Hospital call centers lack automation, hurt patient satisfaction

Inability to access information from EHRs and claims could cause problems, says Julie Yoo.


Hospitals are looking for ways to improve patient experience, and one popular approach is to offer online appointment scheduling.

However, those efforts are likely to overlook the sizable percentage of patients who still use their phones to connect to a health system call center to find the right provider for their needs and schedule an appointment.

Many call centers are missing the mark when it comes to giving a good patient experience, says Julie Yoo, chief product officer and co-founder at Kyruus, a vendor of software enabled call centers. The company recently called 40 hospital call centers and measured their ability to accommodate patient scheduling preferences and how long they waited on hold, among other metrics.

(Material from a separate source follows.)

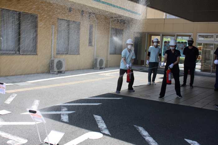 訓練用消火器を利用し火災を模した消火訓練も行われました。

The assessment found that 40 percent of call agents could not meet half of patient preferences for being matched with a specialist, and 82 percent could not book an appointment directly over the phone. Some 60 percent could not match the patient with a provider of the patient’s preferred gender, and half could not find a provider at a location convenient for the patient. Further, about 75 percent did not find an appointment for a patient with an appropriate provider within a three-week timeframe.

Many call centers lack an electronic infrastructure that can link to accurate provider data and identify an appropriate physician at a convenient site whose expertise aligns with the patient’s clinical needs, primarily because call centers typically still rely on paper-based physician directories.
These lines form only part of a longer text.